Analysis of GPs containing C18:1 Δ9/Δ11 isomers in human plasma samples. a Hierarchical cluster analysis of IΔ9/IΔ11 in normal (N1–N6) and T2D plasma samples (T2D1–T2D6) provides correct grouping of the two sets of samples. Colors represent different ratios as indicated by the color bar. b Seven pairs of lipid isomers (C18:1 Δ9/Δ11) are found to exhibit significant changes in relative composition ratios between normal control and T2D. Differences between the two groups were evaluated using the two-tailed student’s t test (***P < 0.001). Each value represents the mean ± s.d. (N = 6). c, d Comparisons of individual-to-individual variations based on c relative quantitation (I/IIS) of PE 16:0_18:1 and d relative isomer ratio (IΔ9/IΔ11) measurement of PE 16:0_18:1 in normal and T2D plasma samples. Each value represents the mean ± s.d. (N = 3).
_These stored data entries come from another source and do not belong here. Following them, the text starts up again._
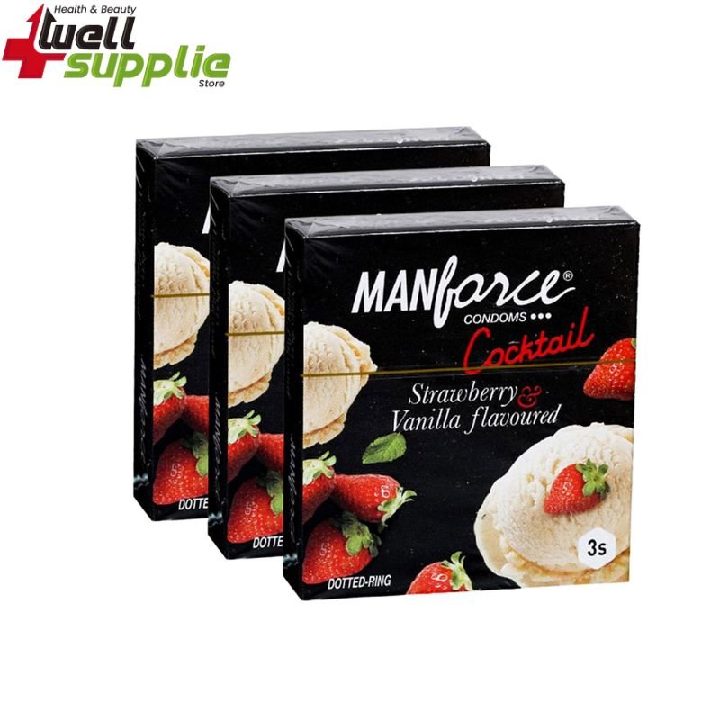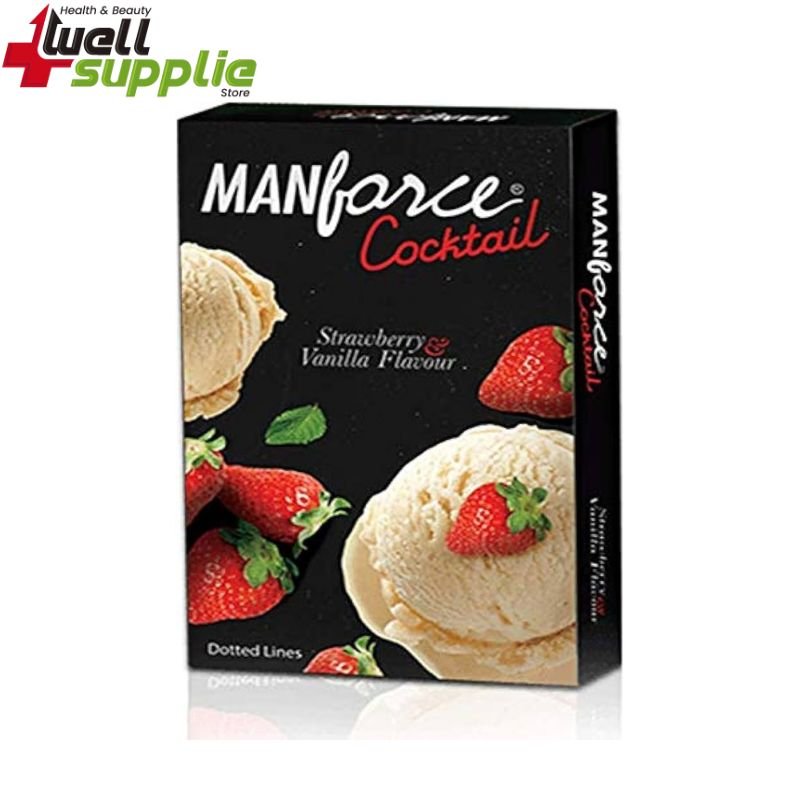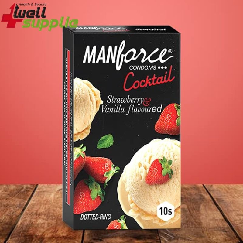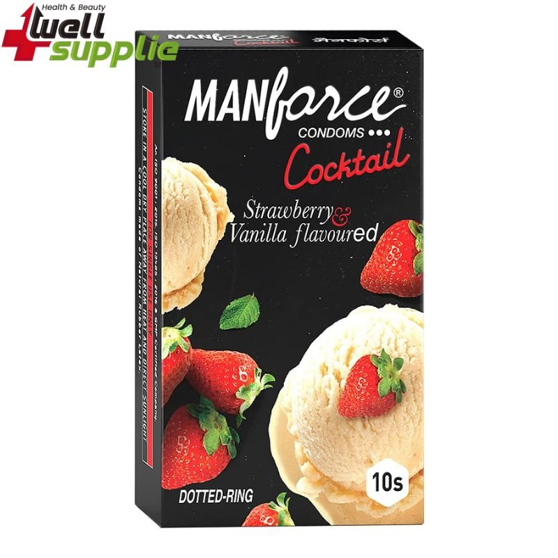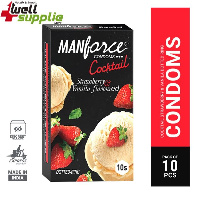 Manforce Cocktail Condom with Dotted Rings, Strawberry & Vanilla Flavoured- 10Pcs Pack(India)
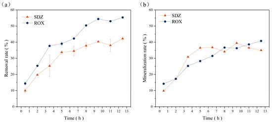 (a) Removal rate and (b) mineralization rate of SDZ and ROX: the influent ROX and SDZ concentrations were 10 mg/L, glucose addition was 0.5 g/L, HRT was 4.5 h, water temperature was 20 ± 2 °C, pH = 7.5, DO was 5 mg/L, light intensity was 1000 Lux, and 50 g of iron-carrying catalyst was used.
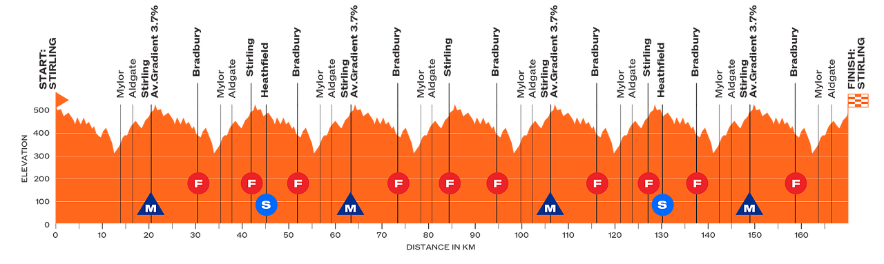 Quest'anno la frazione finale non sarà pianeggiante, ma al tempo stesso nemmeno una tappa importante per la generale come quelle viste a Mount Lofty negli anni passati. Si tratta del classico circuito di Stirling che ha a lungo fatto parte del tracciato di questa corsa fino al 2019. L'intera tappa si svolge nel circuito, che viene percorso per 8 volte. Di fatto non ci sono tratti pianeggianti, ma al contempo nemmeno salite sufficientemente impegnative per poter attaccare e modificare la classifica, anche se in questo momento della stagione la condizione dei corridori è ancora precaria e potrebbero esserci sorprese nel serrato susseguirsi di saliscendi. I primi 13 km sono prevalentemente a scendere (ma anche questi mossi), poi si sale ad Aldgate (in tutto 3.7 km al 3.6%, anche se la media è falsata da un tratto centrale pianeggiante). Una breve discesa precede l'ulteriore tratto di salita che porta al traguardo (2 km al 3.7%) e prosegue quasi un altro km oltre. Le pendenze più sensibili si incontrano forse proprio nei 500 metri che precedono l'arrivo (5-6%).
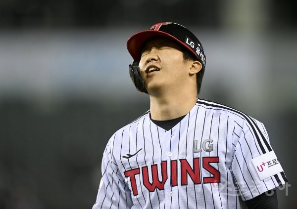 3일 서울 잠실야구장에서 ‘2022 신한은행 MY CAR KBO리그’ 두산 베어스와 LG 트윈스 경기가 열렸다. 8회말 1사 3루 LG 문보경이 역전 1타점 희생타를 친 후 더그아웃으로 향하고 있다.
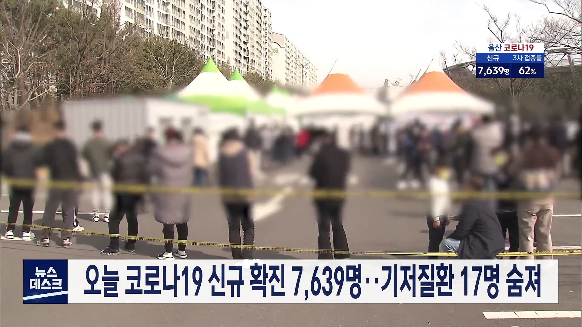 오늘 코로나19 신규 확진 7,639명..기저질환 17명 숨져
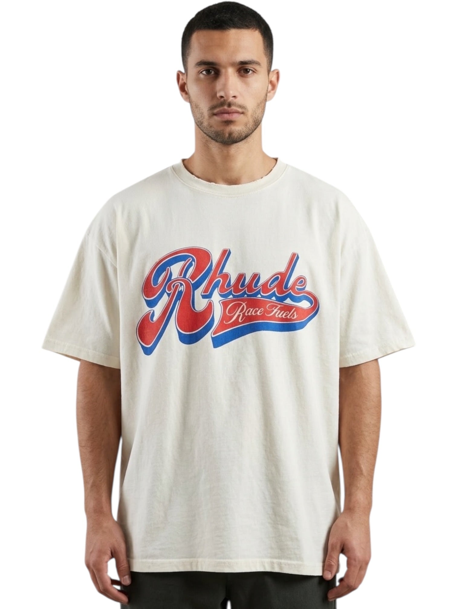 Designed with an oversized, boxy fit, the tee features a vintage-washed white base accented by bold red and blue pit-stop racing graphics across the chest. The classic ribbed crewneck collar and relaxed silhouette enhance its laid-back streetwear appeal, making it easy to style with denim, cargos, or shorts for a modern casual look. Like many Rhude tees, it embraces a slightly oversized fit intended to be worn true to size for the brand’s signature relaxed profile.
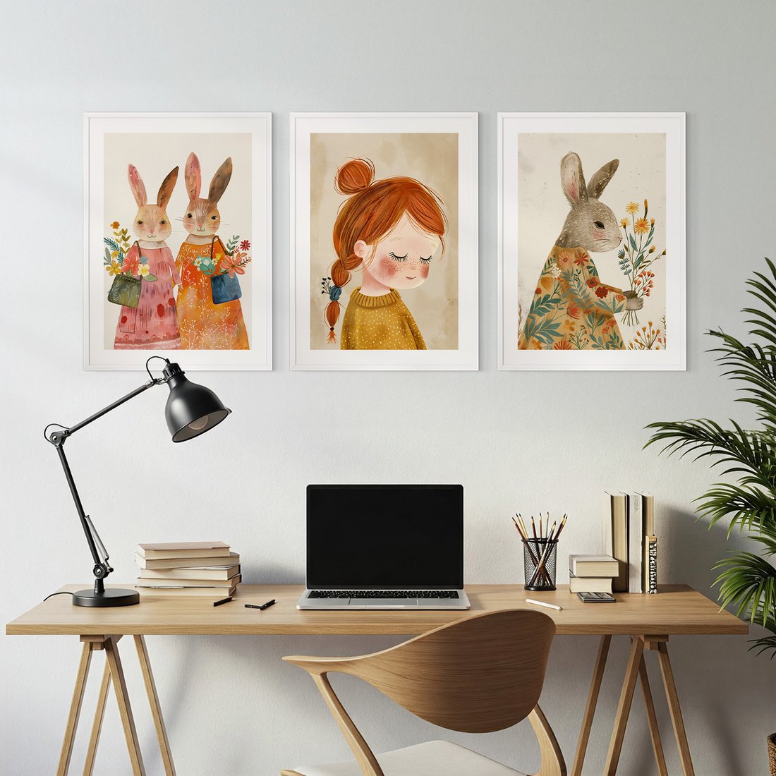 Przenieś piękno sztuki do swojego domu dzięki naszemu starannie skomponowanemu produktowi zestaw obrazów króliki, dziewczynka, kwiaty. Każdy plakat, oprawiony w elegancką ramę, łączy w sobie estetykę i trwałość. Uniwersalne wzornictwo sprawia, że te dekoracje ścienne doskonale komponują się z różnymi stylami wnętrz, od nowoczesnych po klasyczne. Łatwość montażu pozwala na szybką i bezproblemową metamorfozę Twojej przestrzeni. To również idealny pomysł na wyszukany prezent, który z pewnością zachwyci.
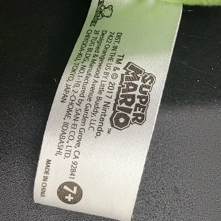 2017 Super Mario Brothers Yoshi Plush Height 10" x width 8" x length 8.5". Made in China

Precision of relative isomer ratio measurements is much less affected by individual-to-individual variations as compared to relative quantitation measurements at subclass level

Biomarker discovery using blood/plasma samples is attractive for the development of disease diagnosis or preventative therapies due to its relatively low invasiveness for sampling. As a preliminary exploration demonstrated here, lipid C=C location isomer composition is clearly much more reliable to reflect the T2D conditions than the change of lipid composition at subclass level, due to significantly reduced individual-to-individual variations. Using relative quantitation of PE 16:0_18:1 as an example, RSDs from three technical repeats of one individual are all round 8% for normal control and T2D samples (Fig. 4c), which is within the typical variation of LC–MS/MS experiments. However, individual-to-individual variation is huge at lipid subclass level, leading to RSD of 55% (normal control, I/IIS = 0.4 ± 0.2, N = 6) and 68% (T2D, I/IIS = 0.6 ± 0.4, N = 6) for relative quantitation of PE 16:0_18:1. When counting Δ9/Δ11 relative isomer ratios for PE 16:0_18:1, the RSDs (8%) of the technique repeats are quite comparable to that of subclass quantitation; however, individual-to-individual variation is significantly reduced, at 10% for normal control (IΔ9/IΔ11 = 5.0 ± 0.5) and 11% for T2D (IΔ9/IΔ11 = 3.8 ± 0.4). This aspect leads to a confident correlation of relative changes in Δ9/Δ11 isomer compositions to T2D condition.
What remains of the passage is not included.